◆ Given data ◆
○ ○ ○ ○
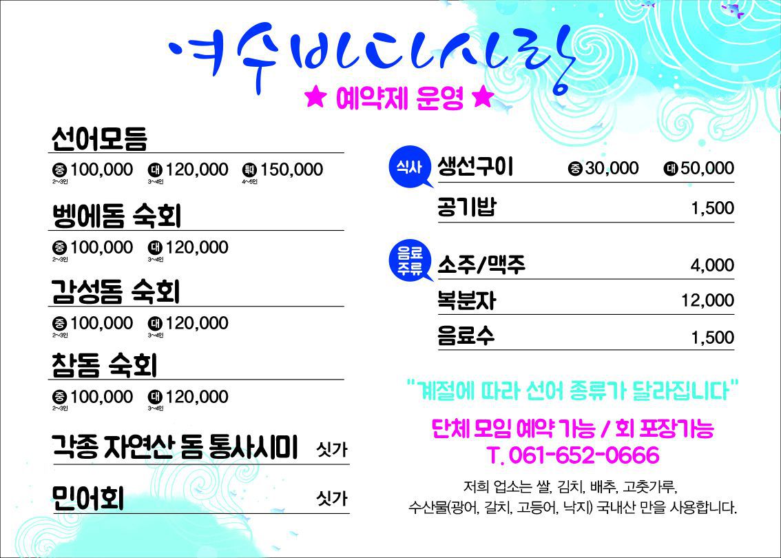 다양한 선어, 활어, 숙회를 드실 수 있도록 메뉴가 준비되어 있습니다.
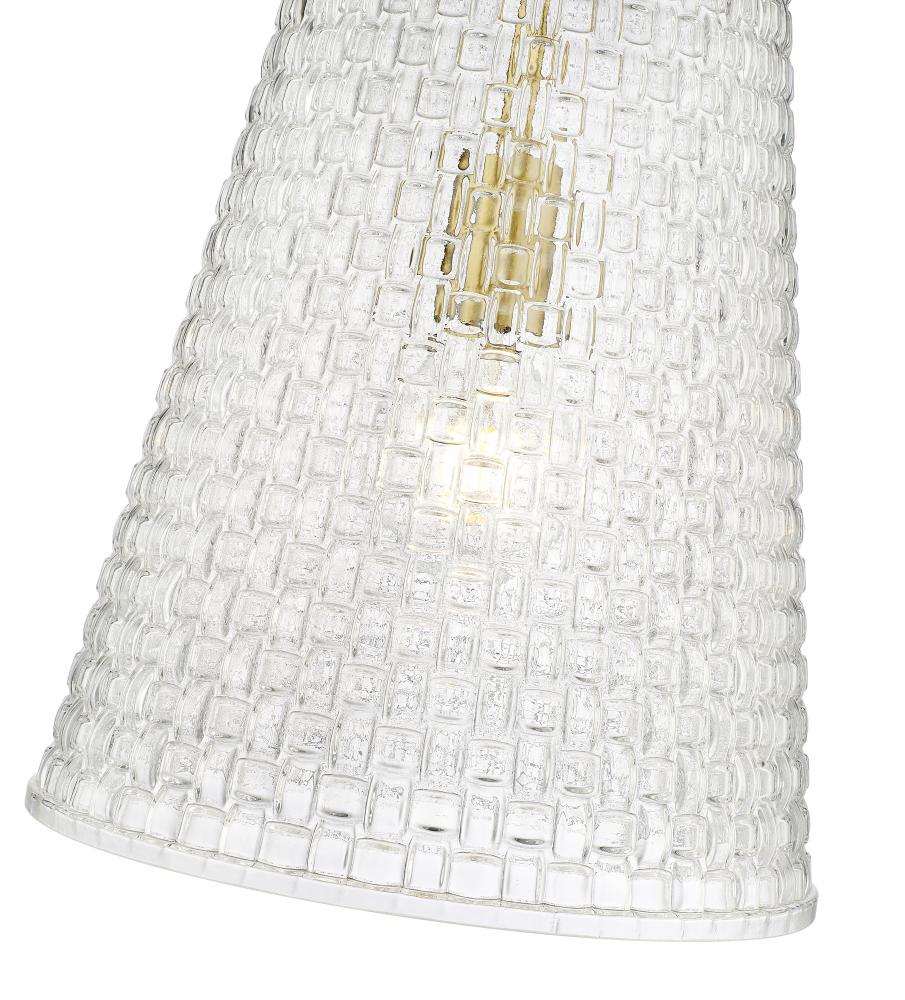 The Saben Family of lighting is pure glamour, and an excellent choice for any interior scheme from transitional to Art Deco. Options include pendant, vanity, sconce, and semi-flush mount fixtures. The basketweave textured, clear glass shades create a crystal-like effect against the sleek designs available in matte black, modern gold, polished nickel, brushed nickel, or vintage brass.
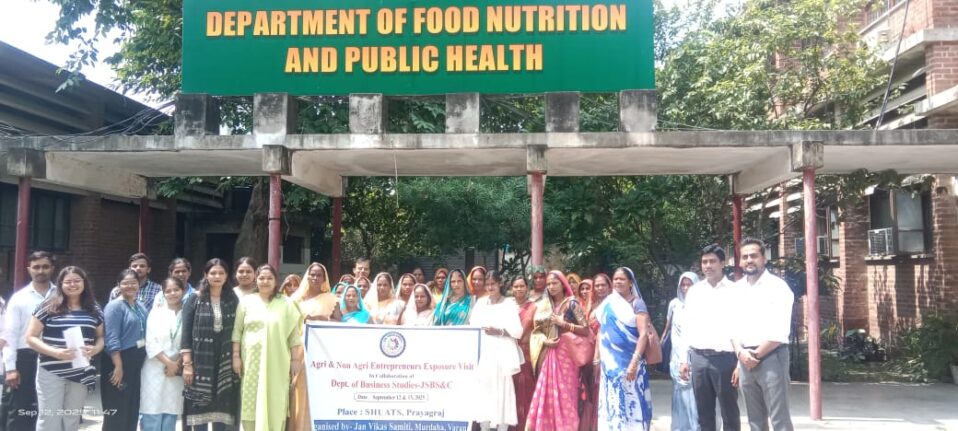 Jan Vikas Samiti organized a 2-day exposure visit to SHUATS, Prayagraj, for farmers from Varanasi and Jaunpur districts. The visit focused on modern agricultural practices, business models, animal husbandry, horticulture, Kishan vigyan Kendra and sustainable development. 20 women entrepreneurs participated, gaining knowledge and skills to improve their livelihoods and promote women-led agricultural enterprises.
○ ○ ○ ○
◆ Exercise requirements ◆
Lines from the start of the material through the line containing "The Saben Family of lighting" are to be restated word for word; no picture may be included.

◆ Result ◆
 다양한 선어, 활어, 숙회를 드실 수 있도록 메뉴가 준비되어 있습니다.
 The Saben Family of lighting is pure glamour, and an excellent choice for any interior scheme from transitional to Art Deco. Options include pendant, vanity, sconce, and semi-flush mount fixtures. The basketweave textured, clear glass shades create a crystal-like effect against the sleek designs available in matte black, modern gold, polished nickel, brushed nickel, or vintage brass.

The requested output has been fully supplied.